An astonishing study reveals shocking discovery

Keeping a light on at night could affect your eating schedule and add a few inches to your waistline, a new research in mice shows.

This 2010 study, done in Ohio state university, was published in journal Proceedings of the National Academy of Sciences and showed very interesting results. According to the researchers, mice exposed to a dim light at night gained 50 percent more weight over an eight-week period than mice that spent their nights in total darkness.

In the study, mice subjected to 16 hours of daylight and eight hours of dimmed light gained 0.4 ounces (12 grams) of body mass, whereas mice subjected to 16 hours of daylight and eight hours of darkness gained 0.3 ounces (8 grams) of body mass. The researchers fed all mice the same amount of food, and observed no difference in how much they moved around their cages.

How night light causes weight gain?

In many ways, our society now functions on a 24-hour-a-day schedule. Researchers have identified prolonged computer use and television viewing as obesity risk factors, but have focused on how they are associated with a lack of physical activity. The results from the above study suggest that such a schedule may impact metabolic function, leading to weight gain. It has been suggested that hormones that aid in metabolism are affected in humans exposed to light at night.

Night light could have reduced those hormones in mice, and coupled with a disruption in the mice’s internal clocks, could have been responsible for their weight gain. Mice exposed to light at night also showed altered feeding behavior, eating more during the rest phase, which may be responsible for the increased weight gain.

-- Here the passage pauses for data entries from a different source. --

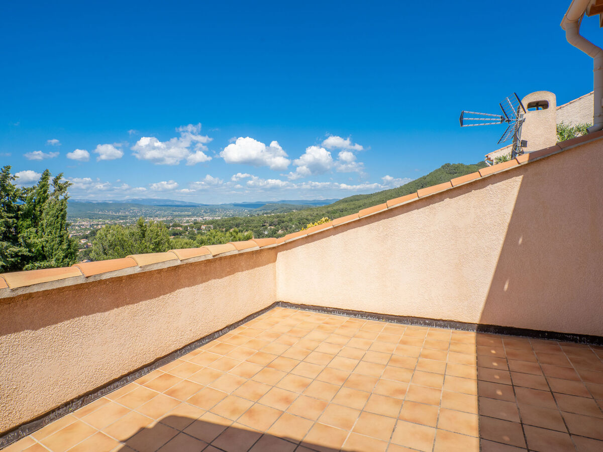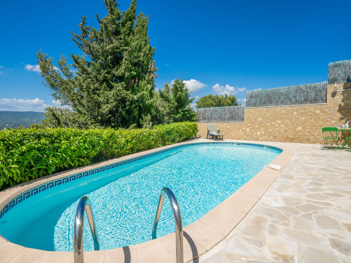 Côté cour, le terrain de 517 m2 et la piscine de 8 x4 4 m avec alarme de sécurité sont destinés à l’usage privé. Pour accéder à la maison, les hôtes traverseront un escalier de 30 marches.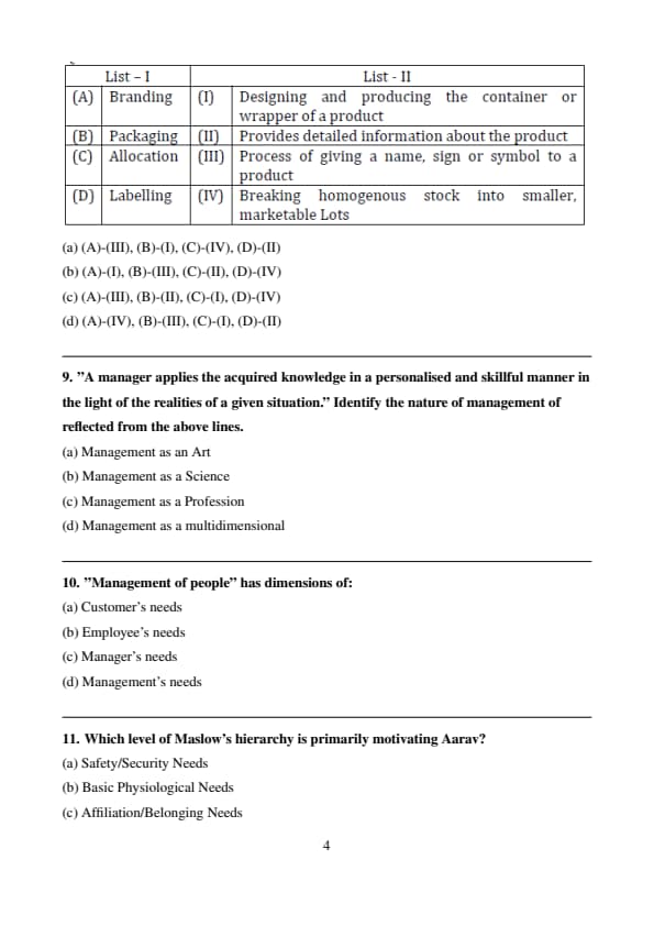 (D) - (II): Labeling provides consumers with detailed information about the product, including its ingredients, instructions, and other relevant information that aids in decision-making. Quick Tip: Brand = Name/Symbol. Package = Container/Wrapper. Label = Information. Allocation = Managing Stock.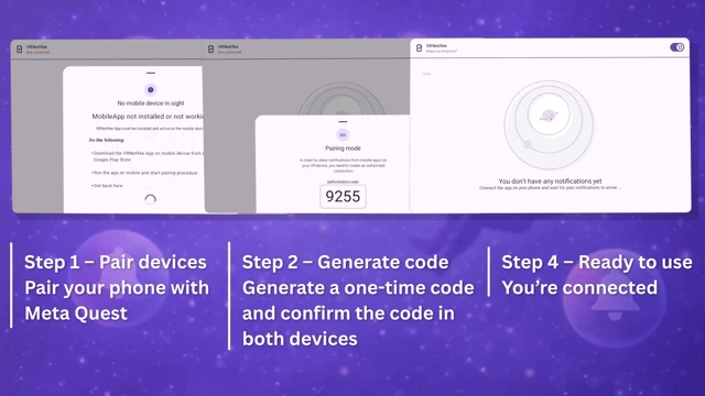 - Secure Bluetooth pairing - Easily connect your Android phone to Meta Quest 3 using a one-time authentication code.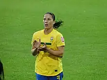 Bagé was recalled to the national team just before the 2011 FIFA Women's World Cup, where she played as a sweeper alongside Aline and Érika in a back three.[10] In Brazil's quarterfinal defeat by the United States, Bagé scored a second-minute own goal and had the only missed attempt for either team in the penalty shootout.[11] Nevertheless she retained the support of her teammates.[12]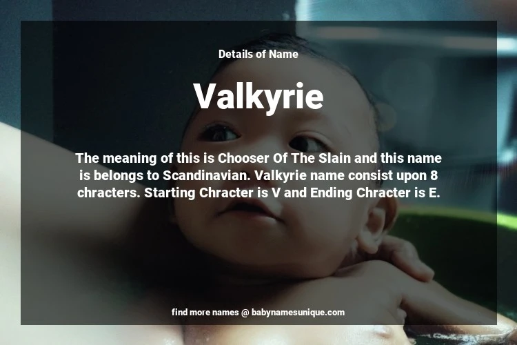 The name Valkyrie is chosen by those who are willing to find Unique Transgenders Baby Names. The meaning of this is Chooser Of The Slain and this name is belongs to Scandinavian Origin. Baby Name Valkyrie consist upon 8 chracters. Starting alphabet is V and ending alphabet is E. This name is used primarily by parents who are considering unique baby names for Transgenders. The Zodiac Sign suitbale for this name are;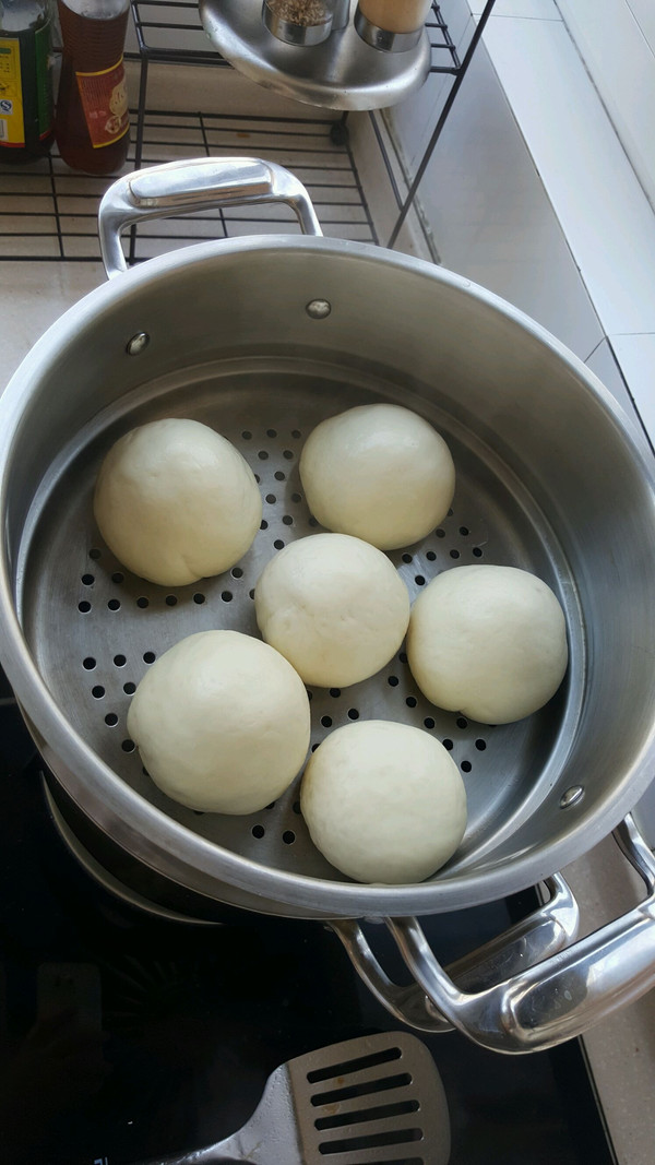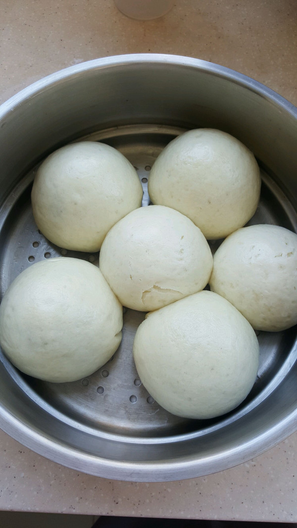 撒些干粉和1克小苏打不停的揉。干粉揉进去再撒些。多揉一会把里面气排干净。我撒了大概8,9次面粉这样。一次量不要太多完全揉进去再加下一次。这样做出的馒头是一层一层的。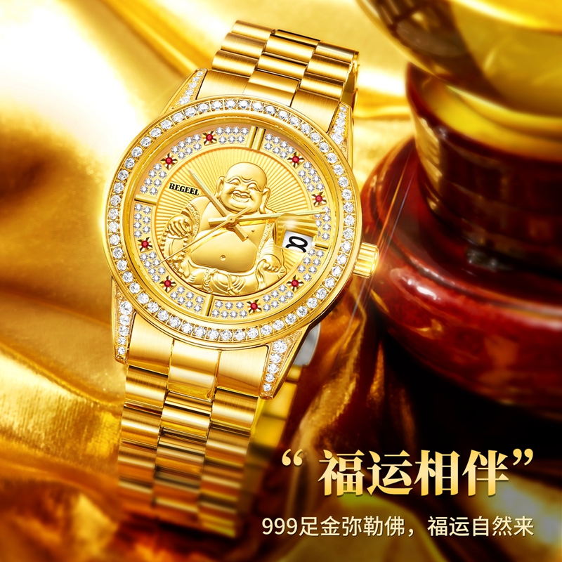 字面:999足金彌勒(le)佛,鑲84顆晶(jing)鉆(zhan),8顆真(zhen)紅寶石, 放射紋理設計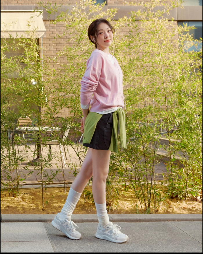 또 다른 사진 속 김연아는 핑크색 니트와 짧은 하의, 운동화를 착용하고 벤치에 앉아 청초한 매력을 발산했다. 자연스러운 헤어스타일과 은은한 미소는 김연아 특유의 우아한 면모를 더욱 돋보이게 했다.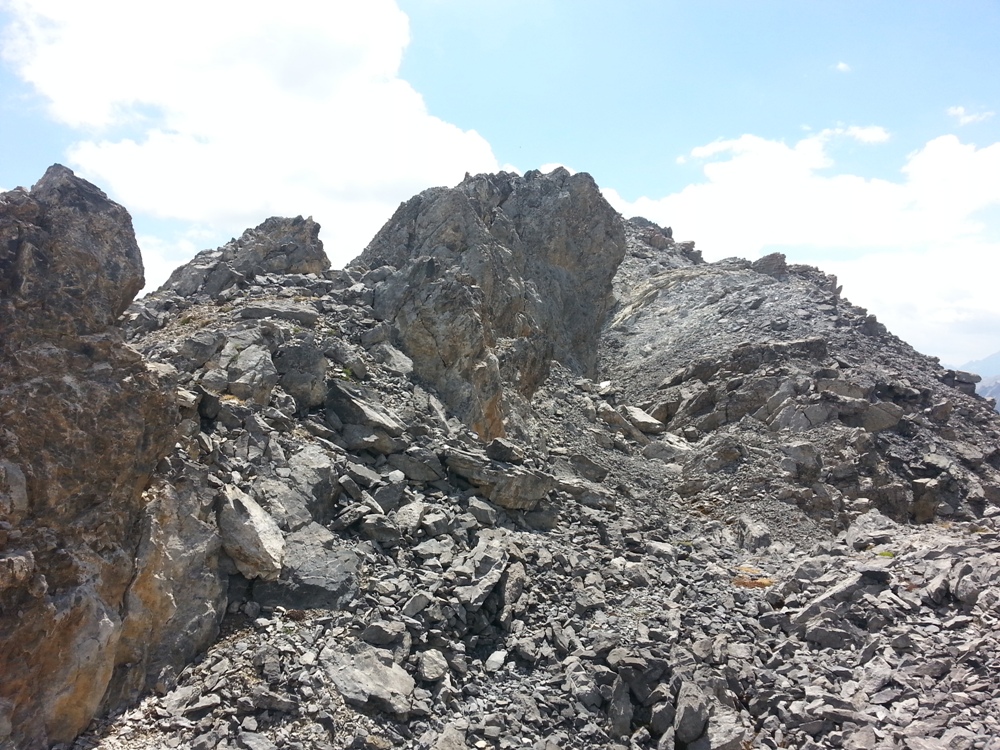Vue vers le bas après avoir passé la brèche et être monté sur la barre rocheuse.Vue sur le sommet après avoir passé la brèche.Arrivée au sommet.Le poteau clouté sommital.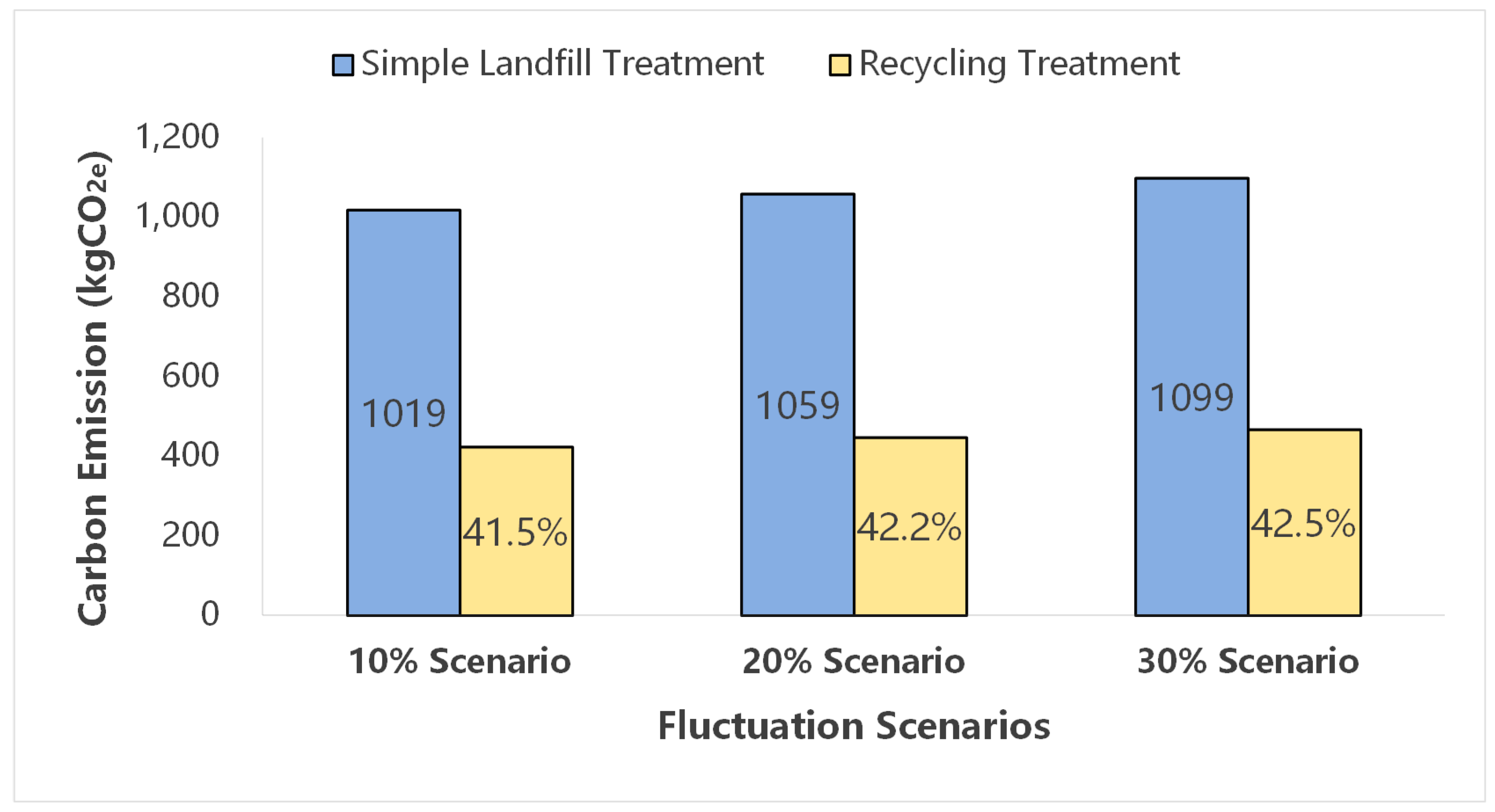 5.2.4. Carbon Emissions During the Construction Waste Treatment and Recycling Stage

However, it’s not just the obesity that is associated with the night light or schedule. According to the Journal of the National Cancer Institute, there is growing evidence to exposure to light at night may pose an increased breast cancer risk, especially for shift workers. Interestingly, another small study of ten people has shown that when their sleep/wake schedule was inverted, their blood samples quickly showed symptoms that — left untreated — could lead to diabetes, obesity and cardiovascular disease.

In short, in the light of the above evidence, it can be said that consistent and continuous exposure to light at night may lead to weight gain, even without changing physical activity or eating more food. Therefore, as has been always believed, it’s not just the way you eat and what you eat but also the way you sleep that shapes your body.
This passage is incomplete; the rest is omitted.